*Data for this task*.
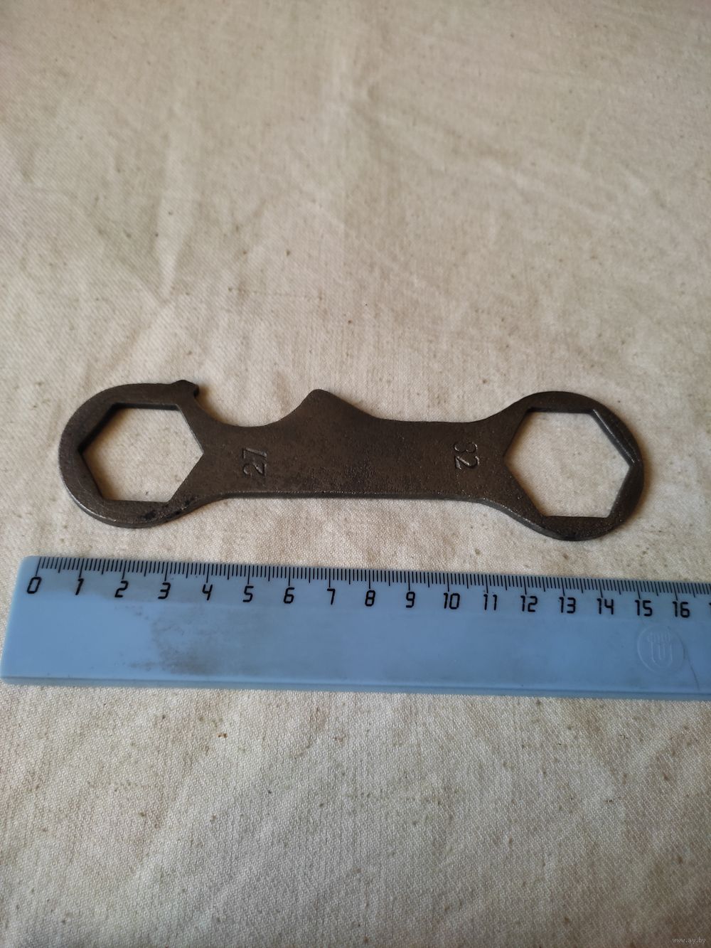 Ключ мотоциклетный 27х32, СССР. Полная очистка и реставрация , отличное состояние. Длина - 15,8 см , вес - 90 гр. Высылаю : Белпочта , Европочта.
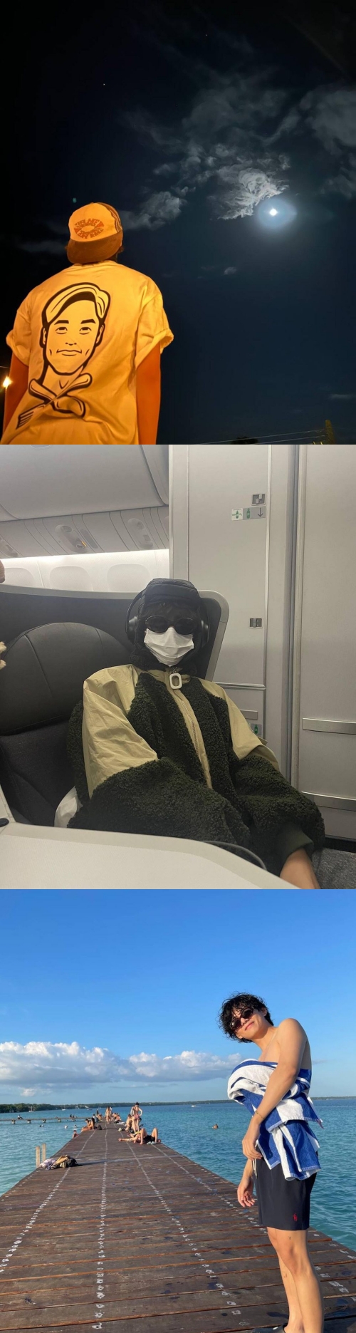 写真をのぞくと、Vが夜空を見上げる様子や、飛行機での“完全防備ショット”、ビーチに飛び込む姿など、海外旅行を満喫した様子が収められている。
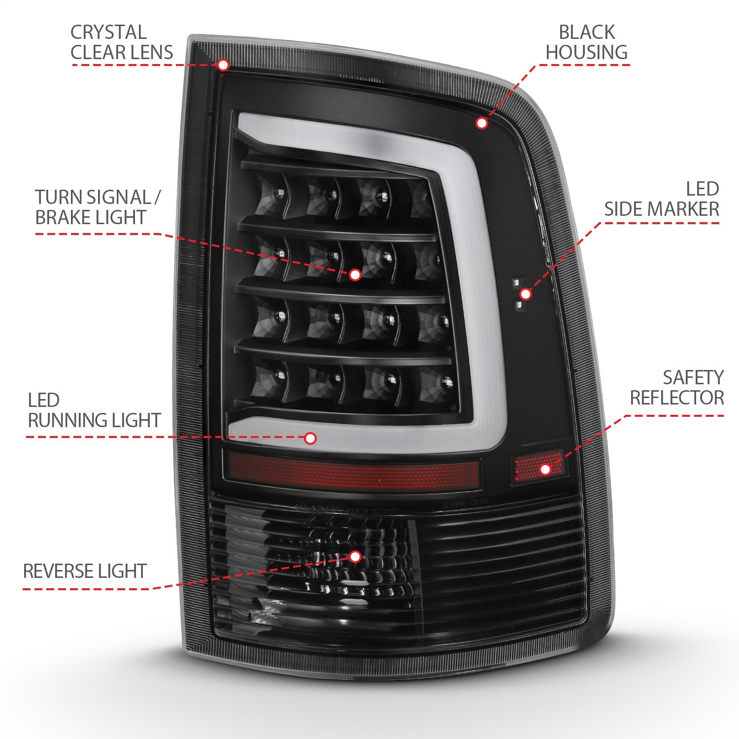 Anzo 311318 - 2009-2018 Dodge Ram 1500 LED Taillight Plank Style Black w/Clear Lens
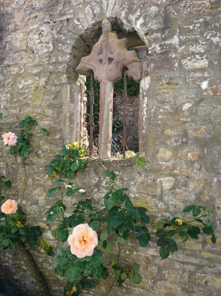 Roses and folly (with medieval castle window tracery), Tower Lane, Crickhowell, Powys.
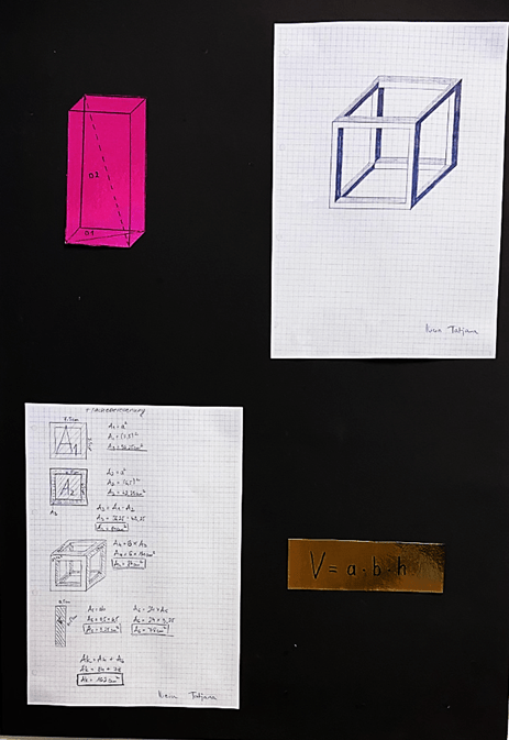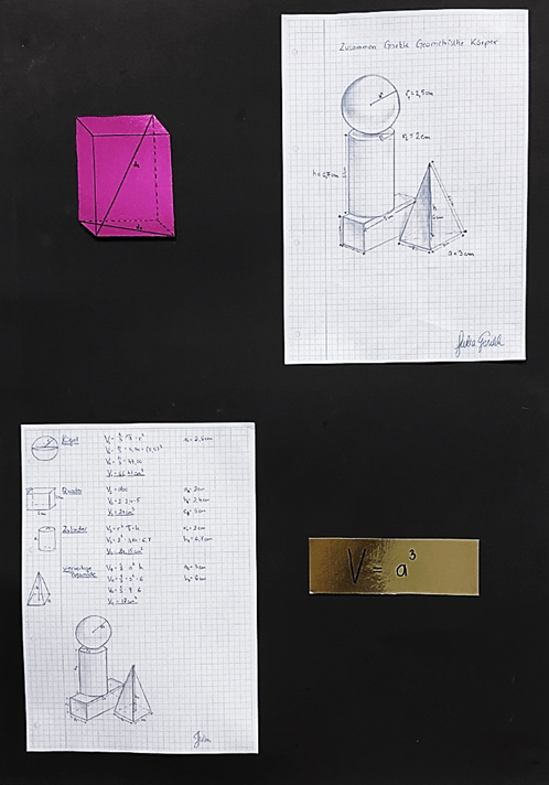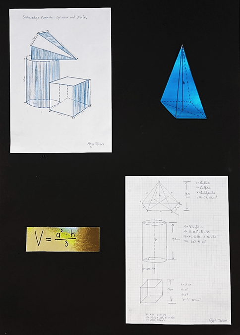 Für dieses Projekt haben wir unterschiedliche geometrische Formen zeichnerisch zusammengesetzt, die im Ganzen ungewöhnliche und aufregende Körper ergeben haben. Nun wollten wir auch herausfinden, welches Volumen unsere neu zusammengesetzten Körper besitzen. Da jeder Körper bereits seine eigene Volumenformel hat, hat es nicht viel Zeit in Anspruch genommen, diese zu berechnen und letztendlich die einzelnen Ergebnisse zu einer Summe zusammenzählen.
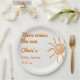 Como vocês podem ver este verão único e elegante aqui vem a placa de papel do chá solar tem um modelo bem projetado. Com a mão laranja desenhada pelo sol, a mão escreveu nome e data em laranja. E creme de fundo. O que você pode personalizar facilmente ao clicar no botão personalizar.

*Task to carry out*.
Write out nothing but the lines from the one with "写真をのぞくと、Vが夜空を見" through the last line of the entries, exactly as they stand; pictures are not part of the copy.

*Response area*.
 写真をのぞくと、Vが夜空を見上げる様子や、飛行機での“完全防備ショット”、ビーチに飛び込む姿など、海外旅行を満喫した様子が収められている。
 Anzo 311318 - 2009-2018 Dodge Ram 1500 LED Taillight Plank Style Black w/Clear Lens
 Roses and folly (with medieval castle window tracery), Tower Lane, Crickhowell, Powys.
 Für dieses Projekt haben wir unterschiedliche geometrische Formen zeichnerisch zusammengesetzt, die im Ganzen ungewöhnliche und aufregende Körper ergeben haben. Nun wollten wir auch herausfinden, welches Volumen unsere neu zusammengesetzten Körper besitzen. Da jeder Körper bereits seine eigene Volumenformel hat, hat es nicht viel Zeit in Anspruch genommen, diese zu berechnen und letztendlich die einzelnen Ergebnisse zu einer Summe zusammenzählen.
 Como vocês podem ver este verão único e elegante aqui vem a placa de papel do chá solar tem um modelo bem projetado. Com a mão laranja desenhada pelo sol, a mão escreveu nome e data em laranja. E creme de fundo. O que você pode personalizar facilmente ao clicar no botão personalizar.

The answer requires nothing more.